By and large, we apply topic modelling best practices in the ordering of each preprocessing step, following Maier et al. (2018). Tokenization and normalization (i.e., removing all unnecessary symbols and artifacts) are performed using regular expressions that catch only alphanumeric text while ignoring symbols and punctuation. This step is immediately followed by lowercasing, stopword removal, and lemmatization, where we reduce the inflectional forms of a word to its root form. Stopword removal is done prior to (and not after) lemmatization, primarily to reduce the initial vocabulary size, so that fewer lemma lookups are performed, thus improving performance.
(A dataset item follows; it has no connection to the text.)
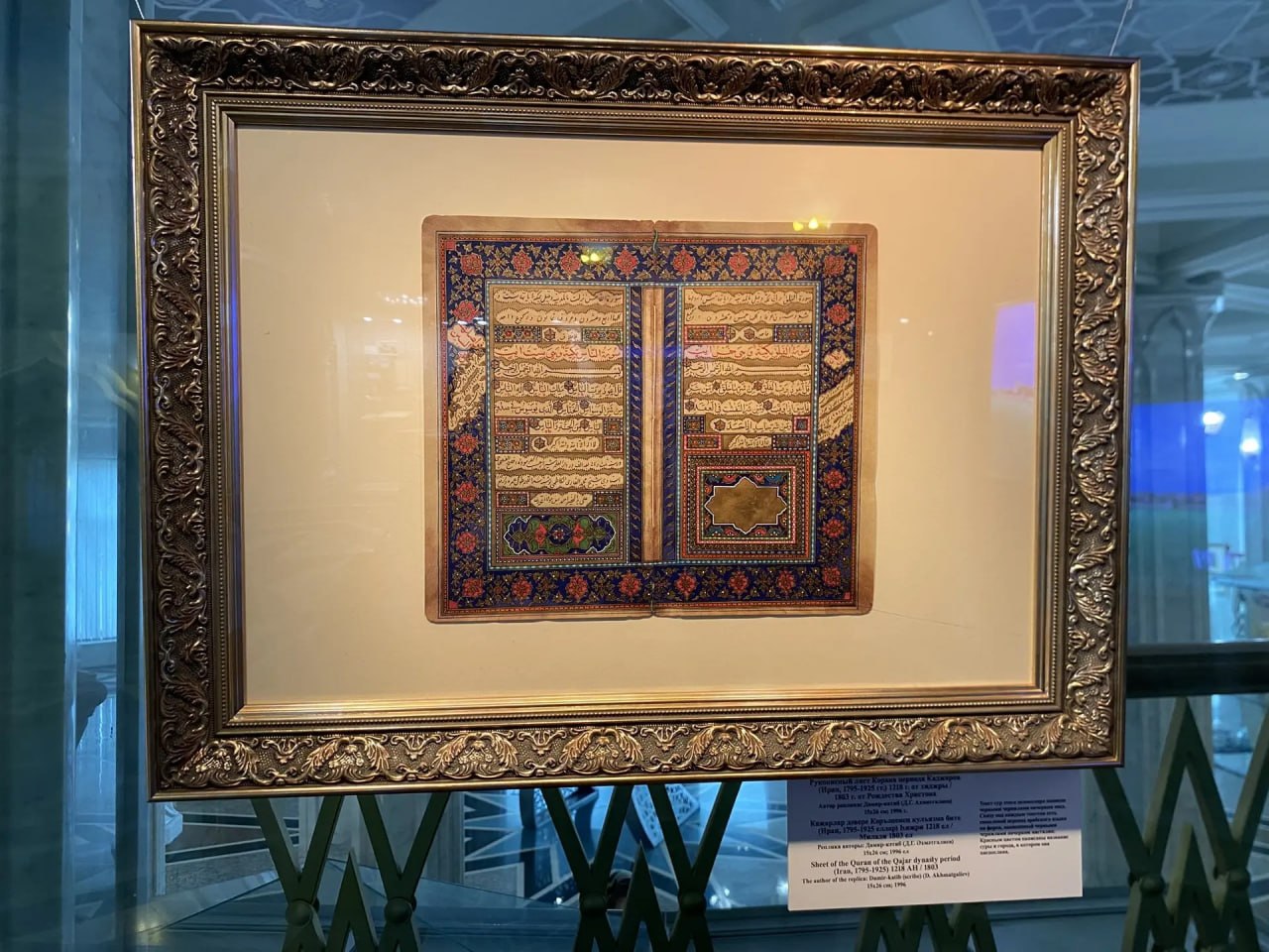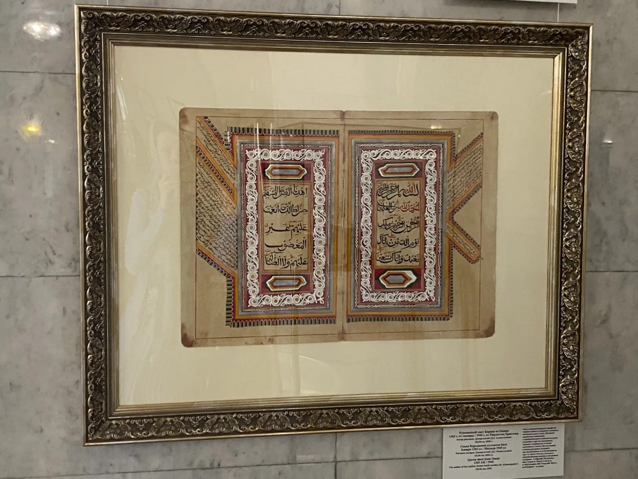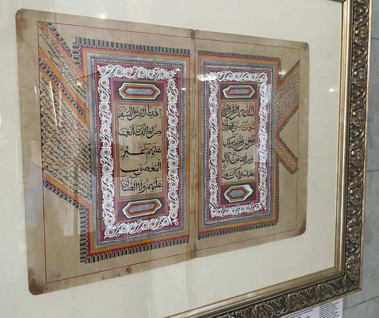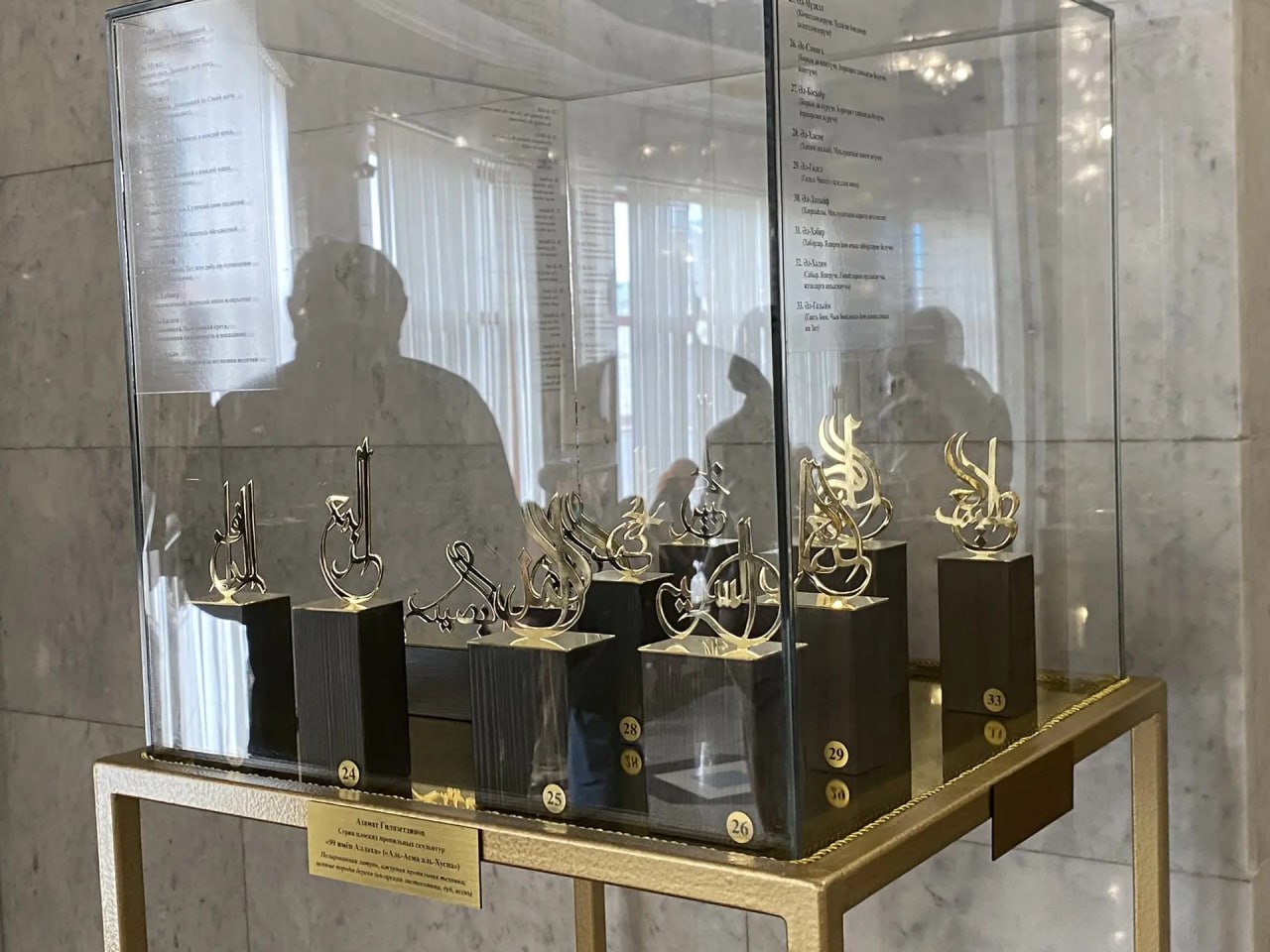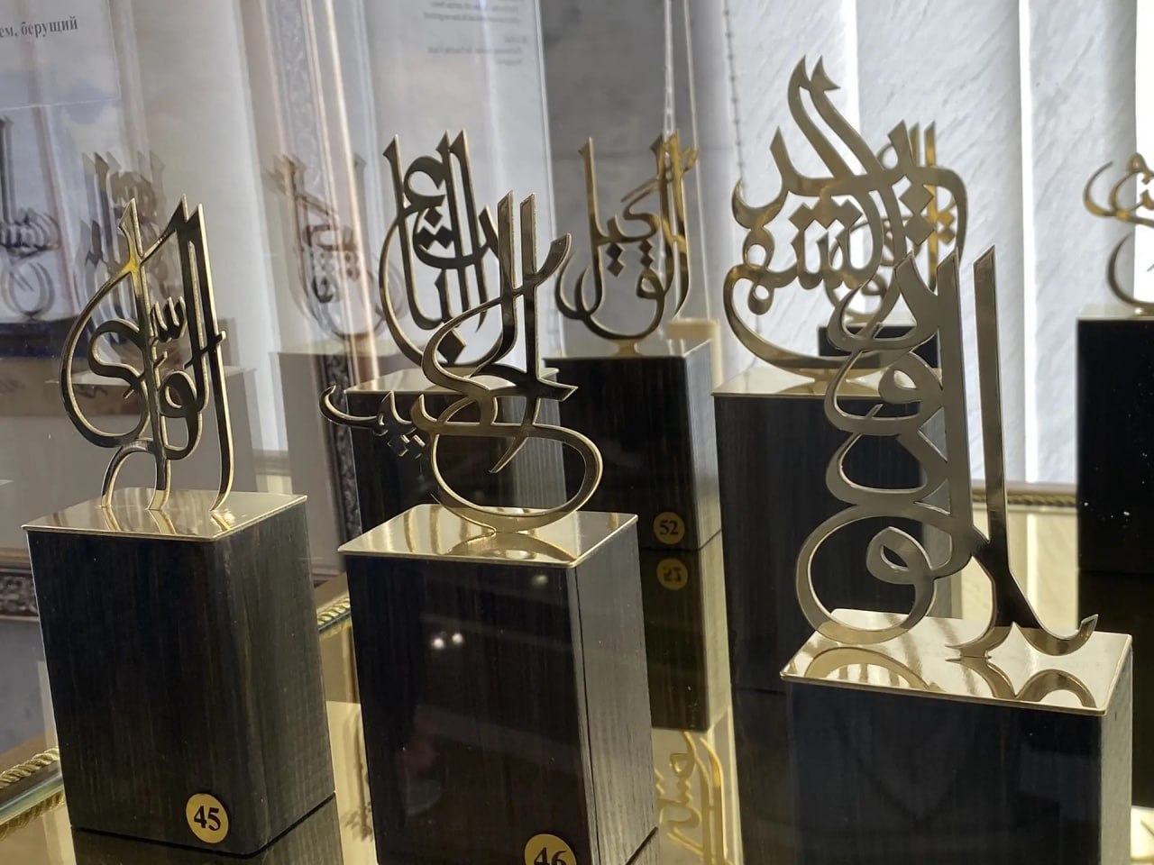 В экспозиции представлены рукописные листы Корана, шамаили и киты – работы художника и реставратора Дамира Ахматгалиева, а также коллекция миниатюрных скульптур «99 имён Аллаха» от дизайнера-ювелира Азамата Гилязетдинова из коллекции Елабужского музея-заповедника.

The final preprocessing step is relative pruning, in which both very frequent and extremely rare words are stripped from the vocabulary prior to training. This is based on Zipf’s law, which, when applied to a language corpus, states that a large fraction of words in a vocabulary occur extremely infrequently (Manning and Schütze, 2003). Performing relative pruning not only reduces the size of the corpus that the model has to work with, but also helps stabilize the LDA algorithm’s stochastic inference. Figure 2 shows the sequence of preprocessing and feature transformation steps applied to the text of each news article prior to training a topic model. The boxes are coloured according to the Spark module we use for each task.

An external file that holds a picture, illustration, etc. Object name is frai-04-664737-g002.jpg

Topic model preprocessing and transformation steps.

Stopwords

Stopwords are common words in the vocabulary that are constant across topics and do not contribute to interpretability. We formulated our list of stopwords iteratively, by beginning with a list of standard stopwords from the literature, including articles, pronouns, and prepositions. We also studied different formulations of light verbs, i.e., verbs that have little semantic content of their own, but instead form predicates with other expressions. Some examples are shown below (Jespersen, 1965).
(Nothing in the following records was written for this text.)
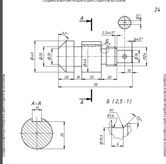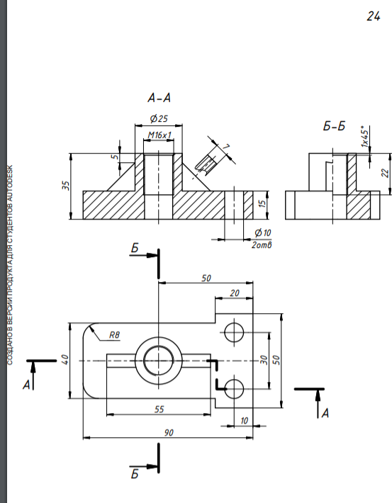 Лабораторная работа: Autodesk Inventor. Лабораторные работы. Детали. (Базовый курс) вариант 24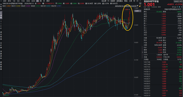 科技成长方向全天表现活跃,覆盖科创板+创业板高成长龙头的硬科技宽基——双创50ETF华宝(588330)场内涨幅最高上探1.82%,收盘劲涨1.11%,强势斩获日线5连阳。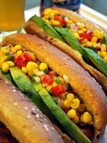 鹹香油潤又Q彈的熱狗、微甜微酸微辣的玉米莎莎,creamy細膩的酪梨,交織一曲美麗動人的三重奏,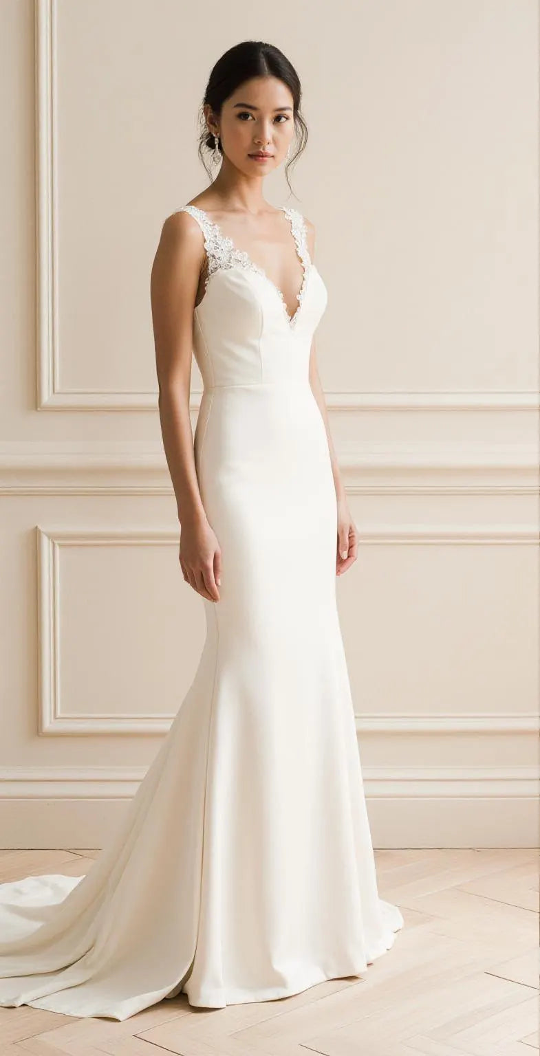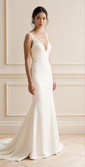 Handcrafted from premium ivory crepe, this design features a deep V-neckline, open back with lace detailing, and a soft sweep train for effortless sophistication. The slim silhouette highlights your natural shape while offering comfort and grace from ceremony to celebration.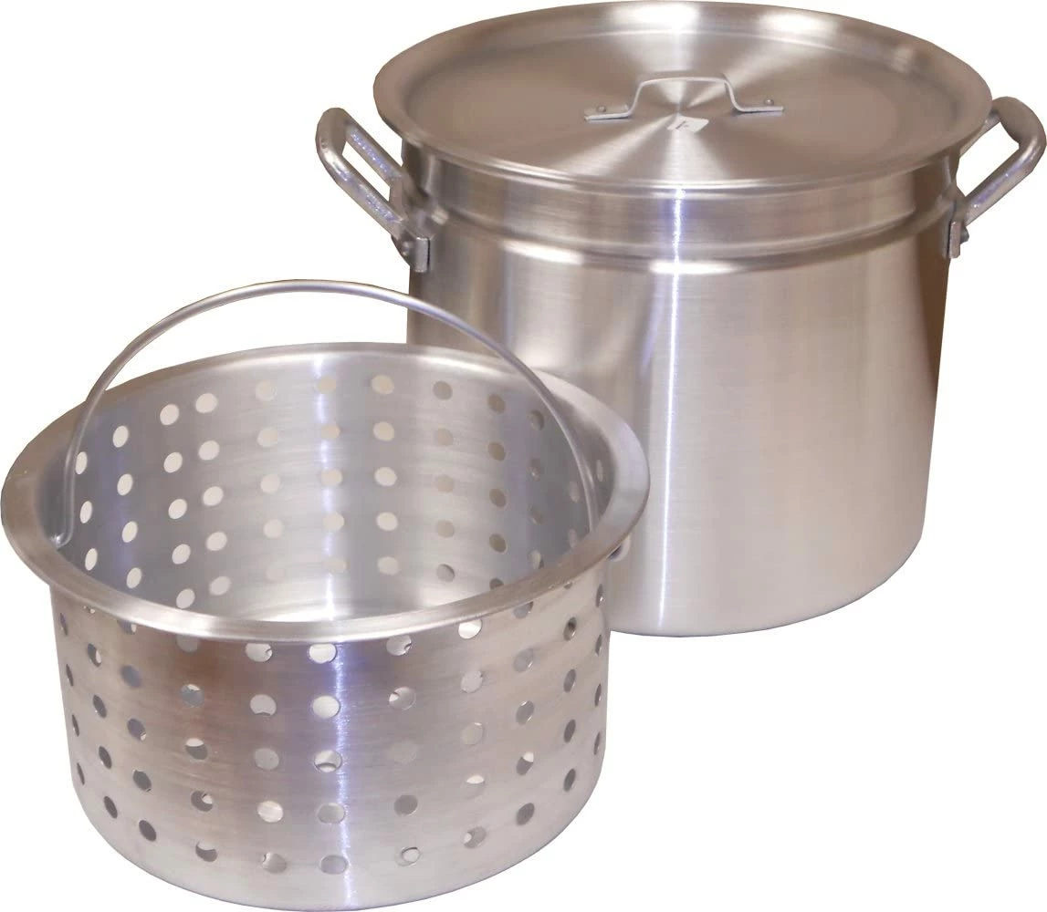 The 100 quart Food Steamer Pot is a large 100 qt aluminum stock pot with a lip close to the top of the stock pot that holds the stock pot steamer basket. The basket hangs a few inches of the bottom of the pot allowing you to steam seafood or veggies.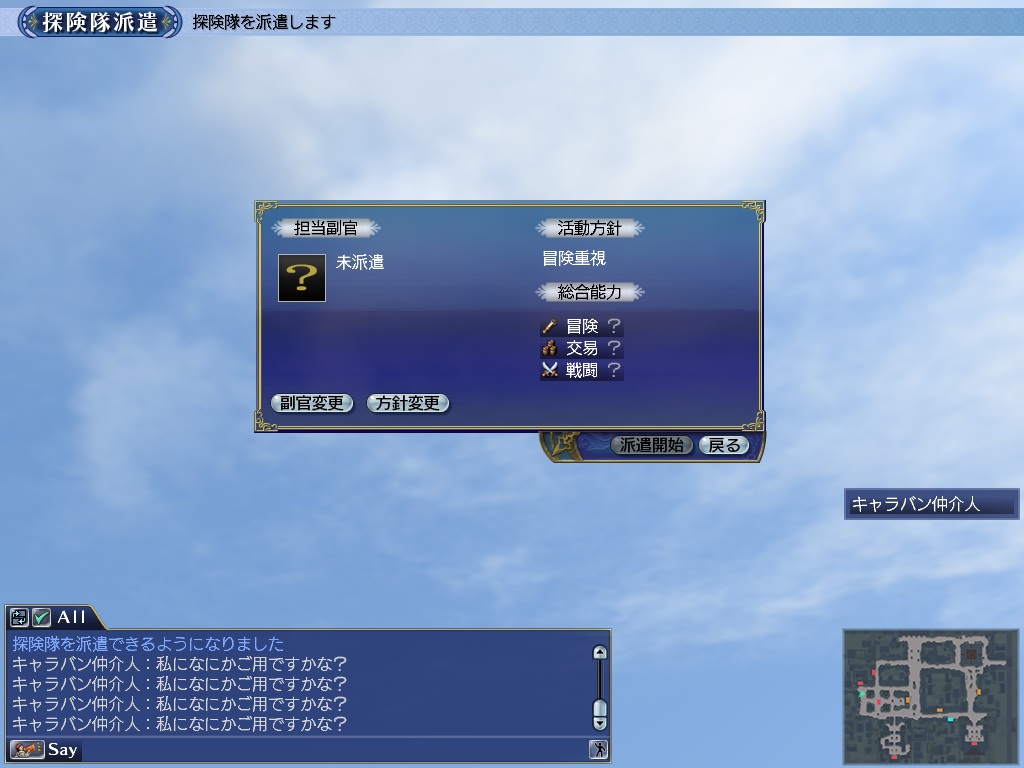 派遣中または帰還した探険隊の活動状況は、メインメニュー「日誌」 の「探険隊派遣情報」で確認できます。

take a sneak, a drive, a walk, a plunge

give a sigh, a shout, a shiver, a pull, a ring

These verbs do not predicate fully, that is, one does not actually take a plunge but rather one plunges. However, they are not completely devoid of semantic content either: There is a clear difference between take a bath and give a bath (Butt, 2010). This makes such verbs semantically light, in a way that they are neither full nor empty in their semantic content.

From a topic modelling standpoint, light verbs do not add any value to topic interpretability. Because our news article data in the Gender Gap Tracker is unbounded in size and scope, it took multiple iterations of topic modelling to isolate specific groups of light verbs relevant to our corpus and useful for topic interpretability.
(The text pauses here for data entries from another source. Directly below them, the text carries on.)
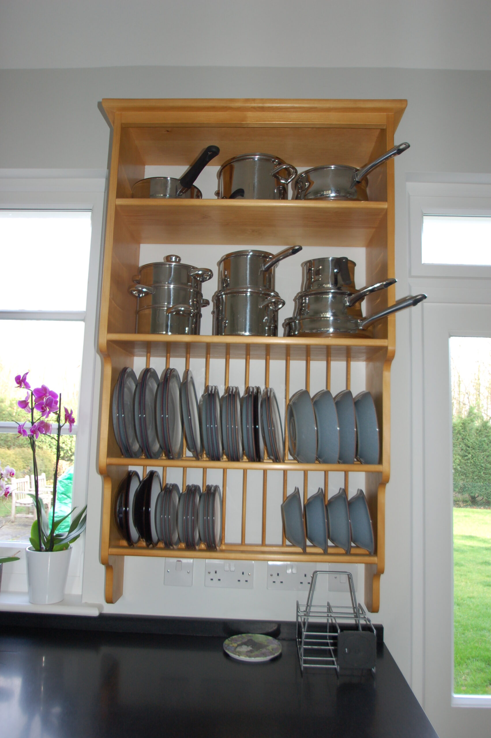 Large Pan drawers sit either side of the Range with smaller drawers above for utensils. Narrow cupboards with pull-out storage for smaller ingredients required during cooking flank the Range. A large drawer cabinet for everyday cutlery and crockery with one of our made-to-measure free-standing Plate Racks above is conveniently located to unload from the Dishwasher.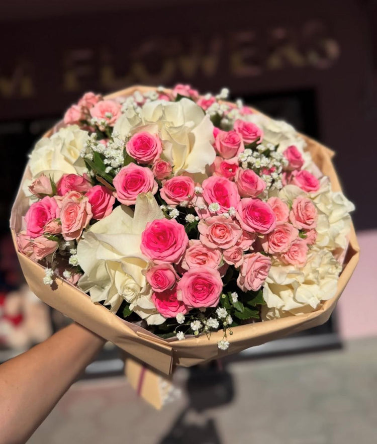 Buqetë me Trëndafila - Elegancë dhe Pasion në Çdo Petale Zbuloni bukurinë e pamatë të kësaj buqete eksklusive, i përbërë nga trëndafila të zgjedhur me kujdes dhe të rregulluar me artizanat te lartë. Çdo lule është një simbol i dashurisë dhe admirimit, e përsosur për momente të veçanta ose për të shprehur ndjenjat tuaja më të thella. Trëndafilet tona garantojnë freskësi maksimale dhe zgjatje të gjatë të jetës në vazo. Ideale për martesa, ditëlindjet, përvjetore ose thjesht për të bërë dikë të ndihet special. Ky buqetë kombinon elegancën klasike me një prekje moderne, duke e bërë atë dhuratën perfekte për çdo rast.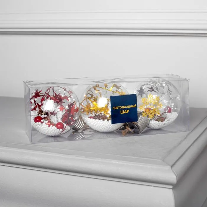 Создайте атмосферу волшебства: Этот набор — ключ к тёплой, душевной новогодней атмосфере. Три светящихся шара с мишурой станут ярким акцентом на вашей ёлке. Это готовое решение для любителей ностальгии и практичный подарок, который точно оценят. Встречайте Новый год в сиянии знакомого с детства уюта!

By contrast with verbs, we chose to retain a large portion of nouns during text preprocessing, due to the importance of nouns in topic interpretation. It has been shown that a combination of lemmatization and limiting the corpus to just nouns provides a coherence advantage and lower word intrusion in topic modelling (Martin and Johnson, 2015). While we do still include some very common nouns in our stopword list, these were chosen by carefully inspecting topic keywords for nouns that might cloud a human labeller’s judgment when, later, we assign labels to topics based on representative words for the topic (e.g., people, man, woman, report, page, story).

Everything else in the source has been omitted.